戦争など何らかの特別な需要によってもたらされた好景気。日本では主に1950~1953年の朝鮮戦争によるもの(朝鮮特需)を指す。
朝鮮特需
1950年6月に勃発した朝鮮戦争は、占領下の日本の産業にとって文字通り天佑となった。
朝鮮戦争に「国連軍」として参戦したアメリカ軍が、日本を出撃基地に、武器弾薬や軍用サービスを日本で調達したため、「特需」と呼ばれる戦時需要が発生した。主に金属・機械工業と繊維工業が恩恵を受けたことから、「金へん・糸へん景気」と呼ばれた。
それまでの工員の職人芸で支えられていた日本の工場生産は、アメリカ軍の厳しい品質要求と大量供給の要請に応えるため、品質管理の技術をアメリカから学び、一気に近代化を遂げた。日本の工業製品の品質と生産性は目覚ましく向上、その後の日本製品飛躍の礎となった。

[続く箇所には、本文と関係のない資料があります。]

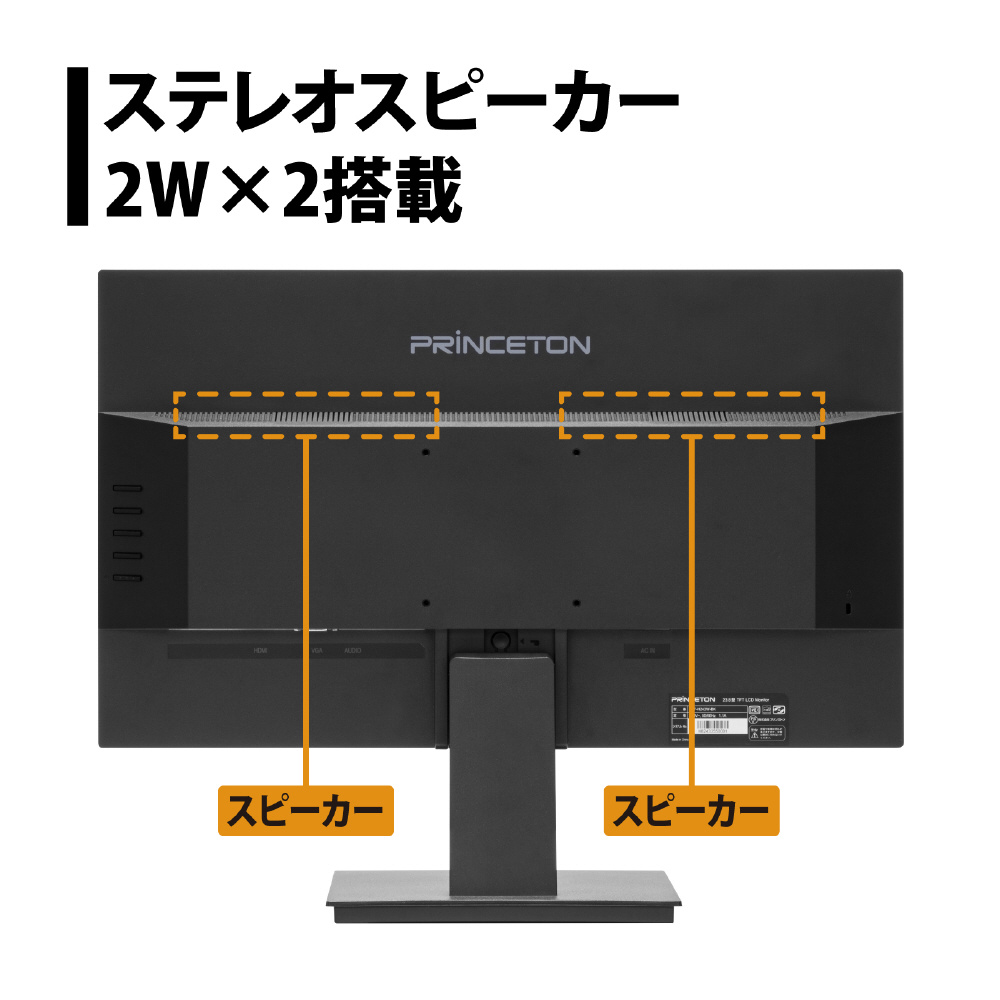 オーディオの入力端子を装備し、ディスプレイ背面上部に、スピーカー(2W x 2) を内蔵しています。

しかし、その一方で日本人の生活水準はまだ戦前の水準にはほど遠いものであり、特需の恩恵は一部産業に限られた。中国の共産化により、戦前の主な素材輸入先であった中国からの輸入は絶え、軍需資材の素材はアメリカ合衆国からの言い値で買わなくてはならなかったから、アメリカ軍向けの軍需売れれば売れるだけますます対米赤字が積みあがった。この特需景気によって、日本は国をあげて言わばアメリカの兵站基地と化したのである。
当時の日本はアメリカ式編制による陸軍4個師団を筆頭とする占領軍経費を「終戦処理費」として負担しており、これは各種朝鮮特需による売上の総額に匹敵する。当時のアメリカが日本を心配して復興を支援したわけではなく、現在の思いやり予算などからは想像も出来ない苛烈な現実があった。